Could you tell me if that's the planned way to do it?

To answer this, it was not something planned... I have never done this so it took a while to understand what you were going for. The intermediate withnt/withda step was the X/Y problem part I couldn't understand.

Anyway I think my first options is close to as clean as this could be.

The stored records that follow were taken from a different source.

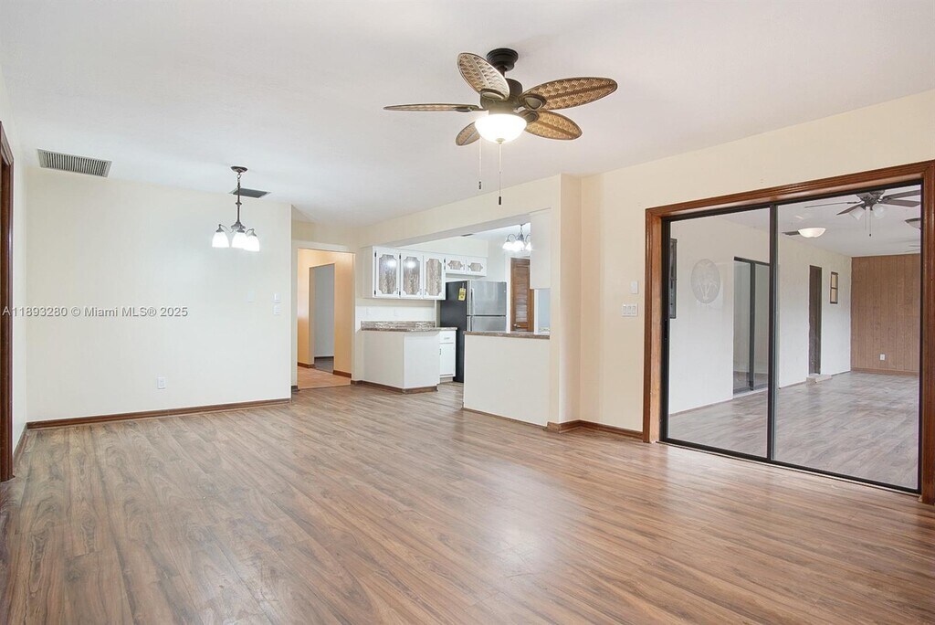 A true must-see! This beautiful 3-bedroom, 2.5-bathroom split floor plan. This home is over 2,100 sqft under air, with a large 2-car garage, custom workbench, and plenty of inside and outside storage. Brand-new remodeled bathrooms, freshly painted, ample closet space, and new vinyl plank flooring throughout. It comes fully equipped with a large utility room (washer/dryer and mop sink), an enclosed screened patio entrance, and an additional enclosed Florida room that could be used as a 4th bedroom, TV room, or office. A huge, fully fenced backyard is perfect for entertaining. The immaculate, landscaped front and rear yards give this home great curb appeal. This home features a great kitchen, living room, and dining room. The bedrooms are all generously sized.
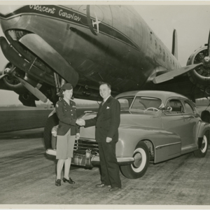 Anthony J. Stonina shakes hands with a member of Women's Army Corps on the tarmac at Westover ARB with a car and a Crescent Caravan transport plane in…
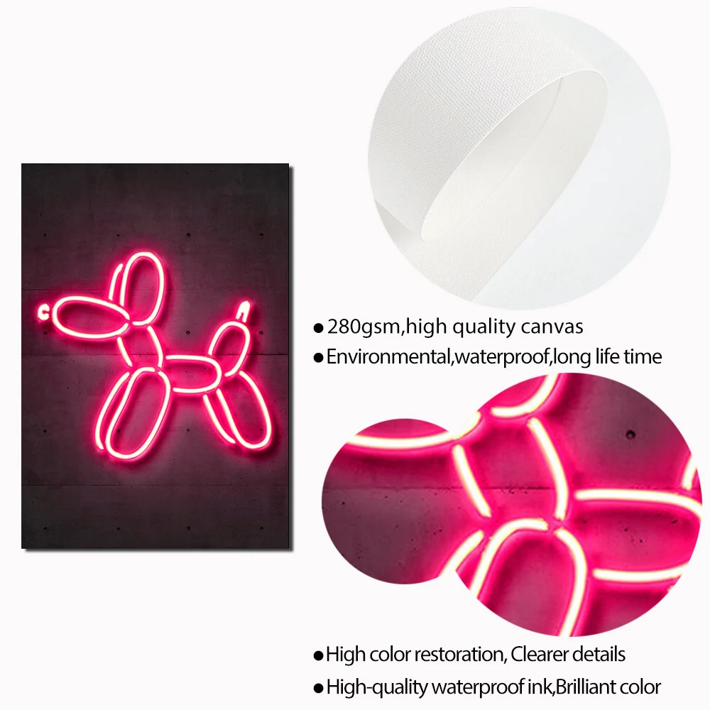 Неоновые граффити в стиле ретро, настенные картины в скандинавском стиле, Картина на холсте, картины с рисунком собаки, домашний декор для бара и комнаты
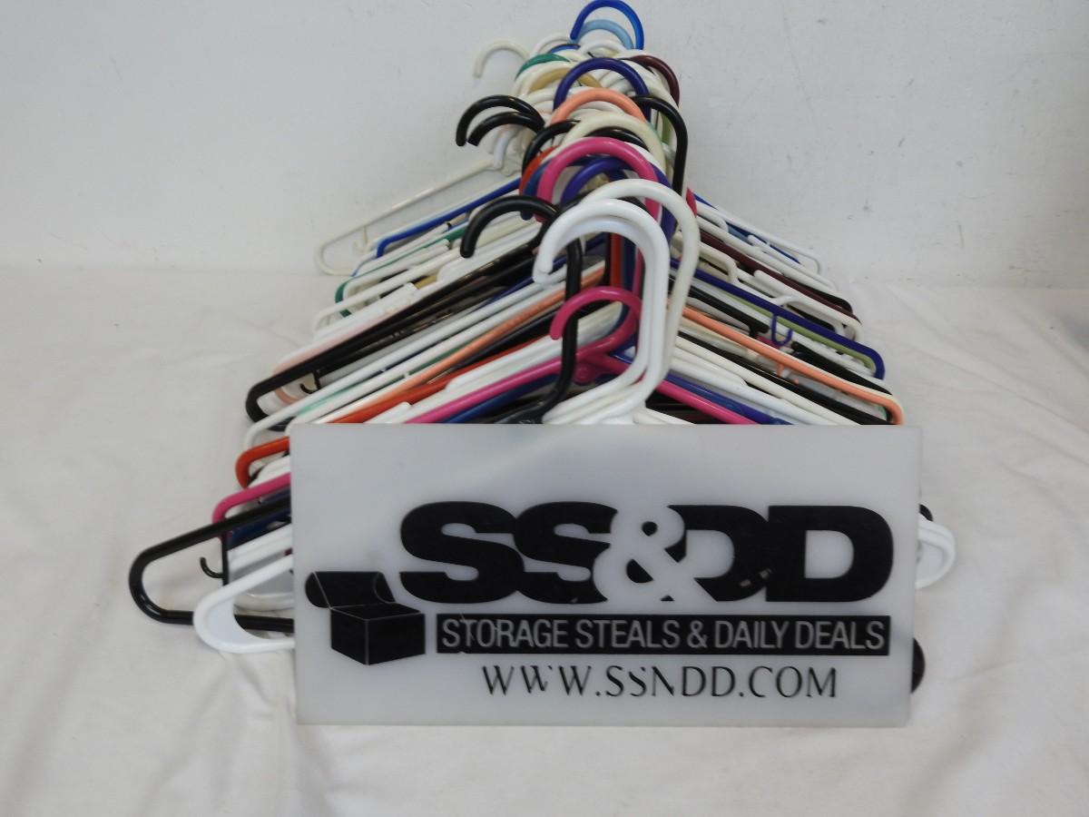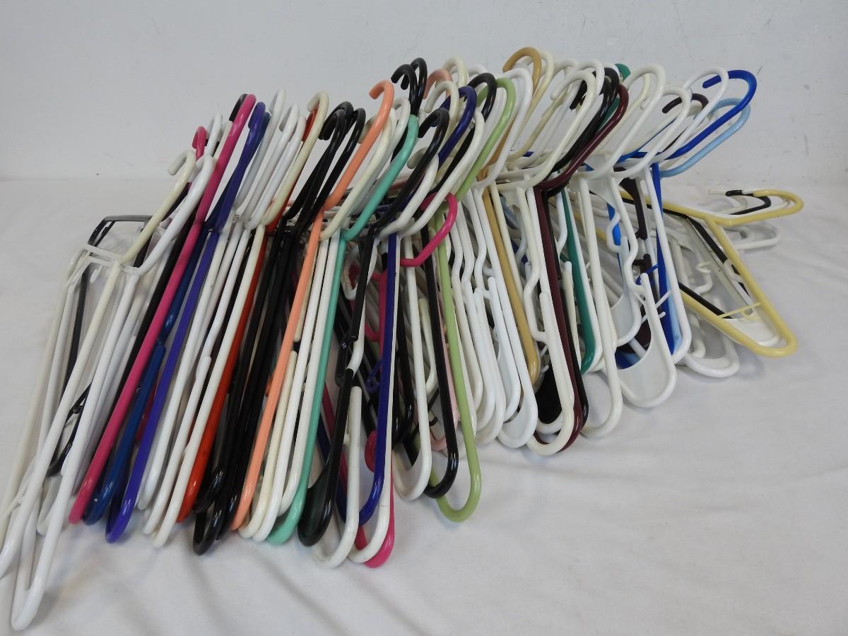 Large Lot Of Plastic Hangers, 70+ In Assorted Colors
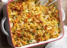 Zucchini, carrots and onions with chicken baked and topped with stuffing.
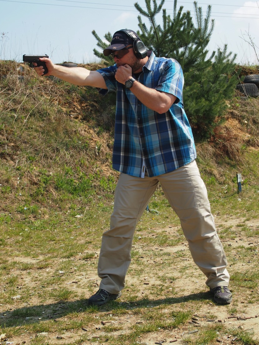 Zajímalo nás, jak se zbraň ovládá a chová v rozsahu vzdáleností 5-30 metrů při různých technikách – střelba obouruč, dominantní/nedominantní rukou, různé střelecké polohy a jejich kombinace a aplikace, dynamická střelba na různě velké cíle (kovové a papírové terče) , střelba zpoza krytu atd.
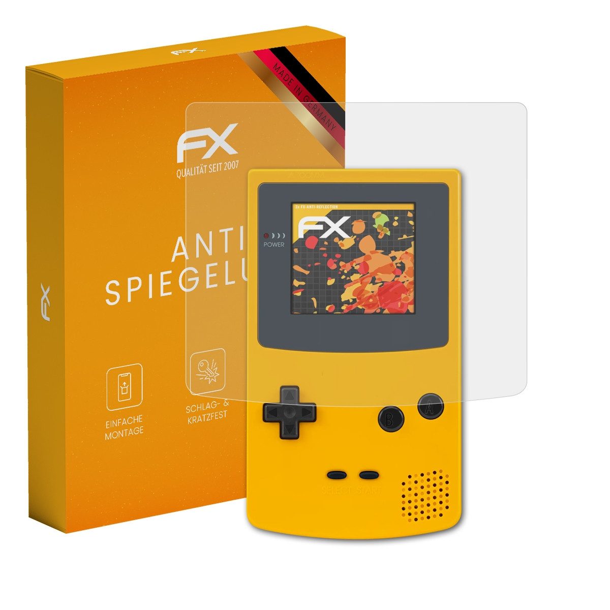 Lieferumfang | 3 x FX-Antireflex Schutzfolie kompatibel mit Nintendo Game Boy Color, Reinigungstuch, Montagewerkzeug (Rakel), Link zur mehrsprachigen, bebilderten Montageanleitung (inkl. Montagevideo), Bei Geräten mit mehreren Displays (z.B. Innen- und Außendisplay), ist für jedes Display eine Schutzfolie in der Verpackung enthalten. |
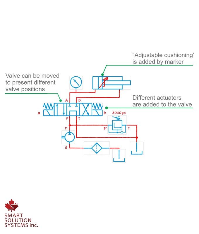 HP-901 includes all pneumatics/hydraulics symbols according to DIN/ISO 1219 standards. This magnetic set provides a quick method of drawing hydraulic circuits on a magnetic white board for the step-by-step development of circuit diagrams.
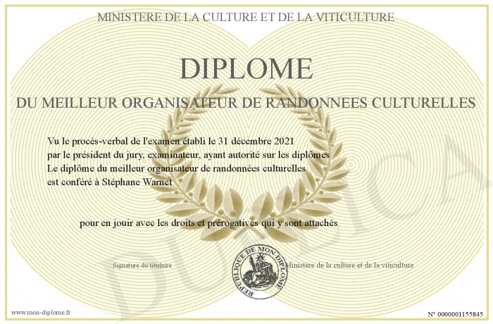Envoyez par email votre Diplôme du meilleur organisateur de randonnées culturelles personalisé
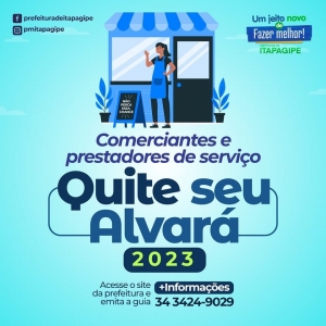 Atenção comerciantes e prestadores de serviço, acesse nosso site, emita a sua guia e quite seu alvará 2023!

rafaqz commented 3 months ago

Another way using map and broadcasts instead of the nested comprehension:

julia> map(dims(da)) do d
           tuple.((name(d),), d, sum.(getindex.((da,), DimSelectors(d))))
       end |> Iterators.flatten |> collect
7-element Vector{Tuple{Symbol, String, Float64}}:
 (:ena, "alpha", 2.25703502389387)
 (:ena, "bita", 2.8719368864693973)
 (:dio, "gamma", 3.551405508439701)
 (:dio, "delta", 1.5775664019235667)
 (:tria, "epsilon", 2.0758986905037986)
 (:tria, "zita", 0.5929275888107981)
 (:tria, "ita", 2.460145631048671)
filchristou commented 3 months ago

got it. okey, thanks a lot ! I close this issue now.